I am 40 years old and want to accumulate gold for my daughter’s wedding. So far I was buying physical gold but now I want to invest through exchange-traded funds (ETFs). I can save Rs 25,000 every month. Which fund should I pick? Is there a right time to withdraw? I will remain invested for 15 years.
Investing in gold via ETFs or through gold funds is a much recommended option instead of buying physical gold.
ETF offers you many advantages over physical gold—transparency is one of them. There is no question on quality as you buy gold in paper form and gold bullion equivalent to the same is held in 99.5% purity. The price of ETF is per 1g of gold. This brings more flexibility as you can buy any quantity and any denomination. You pay a premium (cost of buying) on buying ETF or a fund. In case of physical gold, you pay much more and it is built in the price when you buy the same physically. Also, in case of ETF, there are no making charges. In ETFs, liquidity is high as they are traded on stock exchanges or the same can be redeemed by fund houses. Further, they are more tax efficient and they become long-term capital gains if held for at least a year, unlike physical gold that becomes long-term capital gain only after three years. Safety is another feature which makes ETFs a better option since there is no risk of theft.

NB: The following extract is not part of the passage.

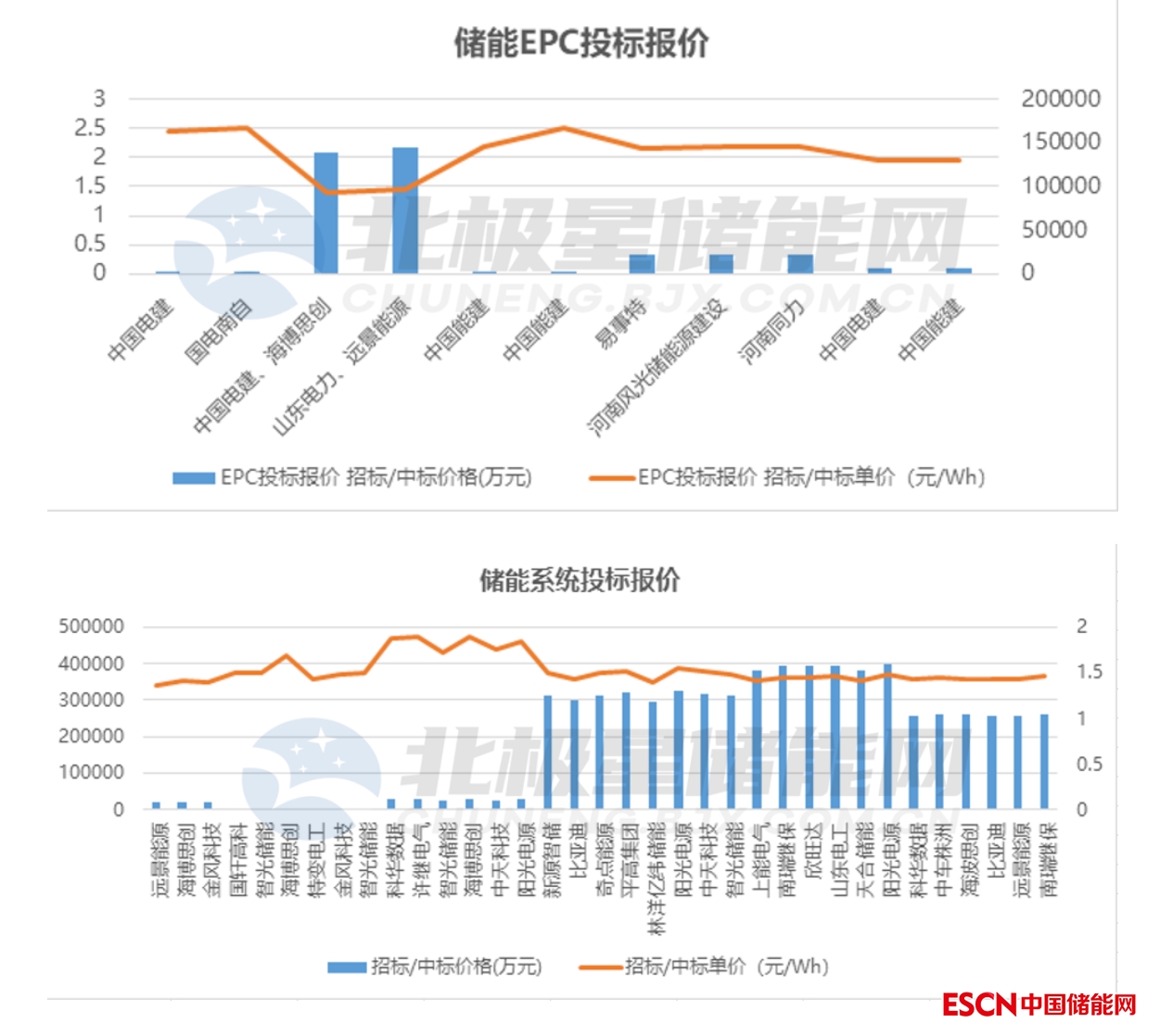中標價格方面,儲能系統(tǒng)采購類的投標報價區(qū)間在1.36~1.89元/Wh,儲能EPC的投標報價區(qū)間在1.39~2.51元/Wh之間。中標單位方面,中國能建、中國電建(601669)、科華數(shù)據(jù)出現(xiàn)率最高,另外在投標單位方面,海博思創(chuàng)、智光儲能表現(xiàn)活躍,分別參與4個項目采購開標。

However, as an asset class, your exposure in gold should not exceed 5-10% of your total corpus. You should try to create an asset allocation where you have adequate exposure to various asset classes such as equity. This along with debt and gold asset class should help you diversify your portfolio. Make these investments through systematic investment plans (SIPs).
Also, as your investment horizon is long, you should consider equity as the core asset class and debt and gold should give stability to the portfolio.
Within the equity asset class, you can consider large-cap funds, where ICICI Prudential Focused Blue Chip Fund is a good option; and multi-cap funds where UTI Opportunities, Reliance Equity Opportunity and Canara Robeco Equity Diversified Fund are good. Among mid-caps, IDFC Premier Equity and ICICI Prudential Discovery Fund are recommended. You may consider hybrid funds such as HDFC Prudence, HDFC Balanced and Tata Balanced.
In the debt space, you can stick to short term and dynamic funds such as Templeton India Short Term Income Fund and Birla Sun Life Dynamic Bond Fund.
The advantage of buying a mutual fund is you don’t need to churn the same as the fund manager is doing the same regularly on your behalf. You job is to ensure the fund is performing well versus the benchmark and its peers.
You can consider switching from equity to debt as you come close to your investment horizon.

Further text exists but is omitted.